Redshift is a full-fledged data warehouse that is very efficient in storing raw data and collecting data from various different sources. It is based on PostgreSQL version 8.0.2. This means that you can use regular SQL queries with Redshift.

The main benefit of using AWS Redshift is the cost-benefit to your business. The cost is one-fifth (about one-twentieth) of competitors such as Teradata and Oracle.

Amazon Redshift Spectrum

TL;DR - Using Amazon Redshift Spectrum, you can efficiently query and retrieve structured and semistructured data from files in Amazon S3 without having to load the data into Amazon Redshift tables.

Amazon Redshift Spectrum is a feature within Amazon Web ServicesRedshift data warehousing service that lets a data analyst conduct fast, complex analysis on objects stored on the AWS cloud.

With Redshift Spectrum, an analyst can perform SQL queries on data stored in Amazon S3 buckets. This can save time and money because it eliminates the need to move data from a storage service to a database, and instead directly queries data inside an S3 bucket. Redshift Spectrum also expands the scope of a given query because it extends beyond a user's existing Redshift data warehouse nodes and into large volumes of unstructured S3 data lakes.

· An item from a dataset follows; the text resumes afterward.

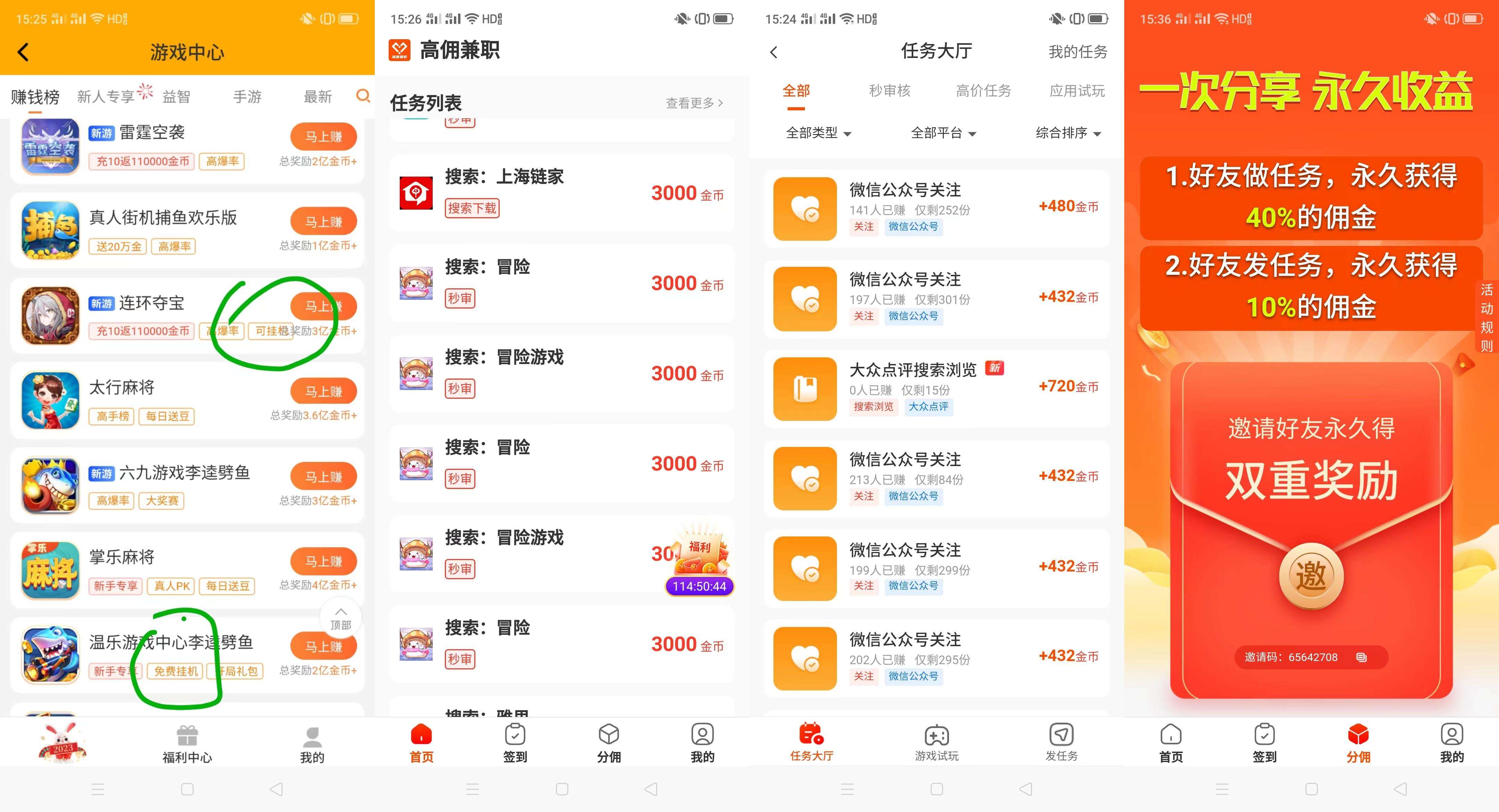 高佣兼职是一款包含海量悬赏任务、秒审任务和游戏试玩任务的赚钱平台,用户闲暇时间在平台完成任务,可以获得高额收益。平台任务多为点赞、关注、浏览、小程序授权游戏试玩游戏挂机等,每天都可以做,任务数量实

How Redshift Spectrum works

While Amazon Redshift handles “analytical workloads,” Spectrum is the “bridge” layer that provides Redshift an interface to S3 data. Redshift Spectrum must have a Redshift cluster and a connected SQL client. Multiple clusters can access the same S3 data set at the same time, but queries can only be conducted on data stored in the same AWS region.

Redshift Spectrum can be used in conjunction with any other AWS compute service with direct S3 access, including Amazon Athena, as well as Amazon Elastic Map Reduce for Apache SparkApache Hive and Presto.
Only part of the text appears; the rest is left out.